*Material provided*.
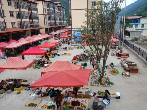 2018年9月15日,福贡县鹿马登乡赤洒底村异地搬迁集贸市场-大唐帮扶建设(福贡县鹿马登乡乡政府供图)
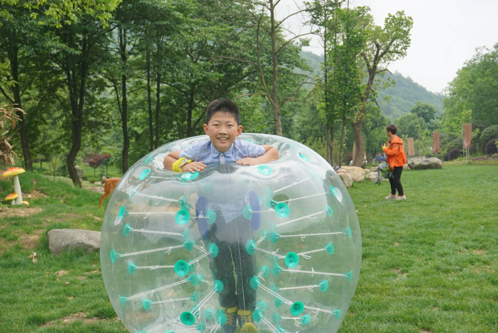 带领大家简单的热身过后, 突然发现一块大草坪 , 所以为了照顾队里 唯一的两个小朋友, 所以先去皮它一波
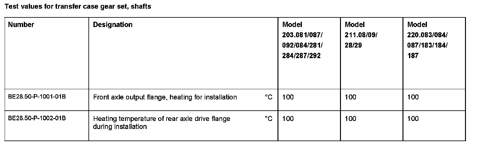 Test Values For Transfer Case Gear Set, Shafts:
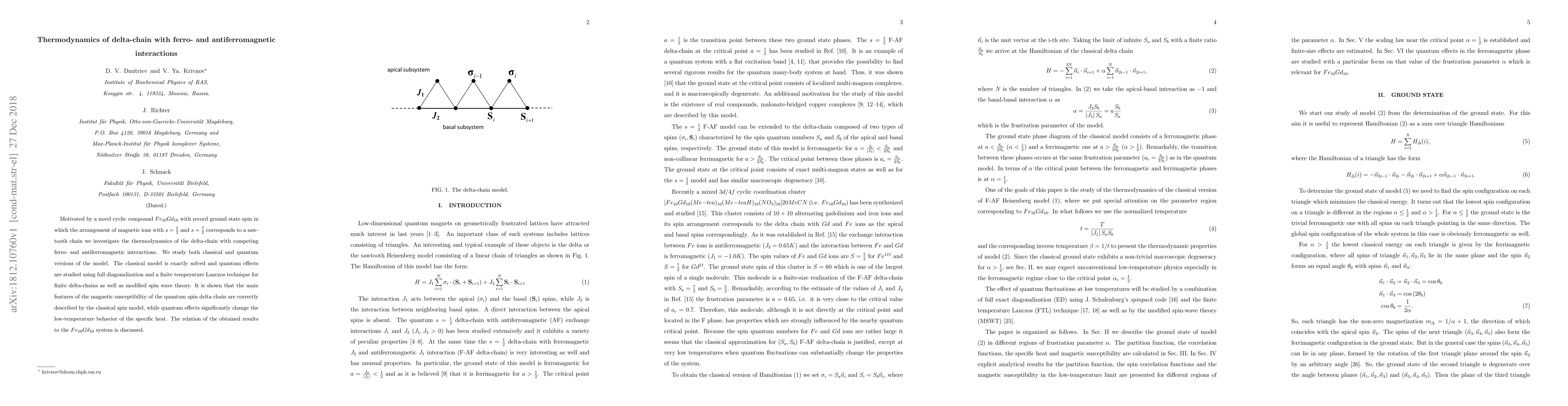 The paper presents a comprehensive study combining classical and quantum approaches to analyze the thermodynamics of a delta-chain model with competing interactions, providing exact solutions and detailed finite-temperature analyses.

*Instructions to follow*. Only the lines from the line with "Test Values For" to the bottom of the material above should be reproduced, exactly and without pictures.

*Exercise solution*.
 Test Values For Transfer Case Gear Set, Shafts:
 The paper presents a comprehensive study combining classical and quantum approaches to analyze the thermodynamics of a delta-chain model with competing interactions, providing exact solutions and detailed finite-temperature analyses.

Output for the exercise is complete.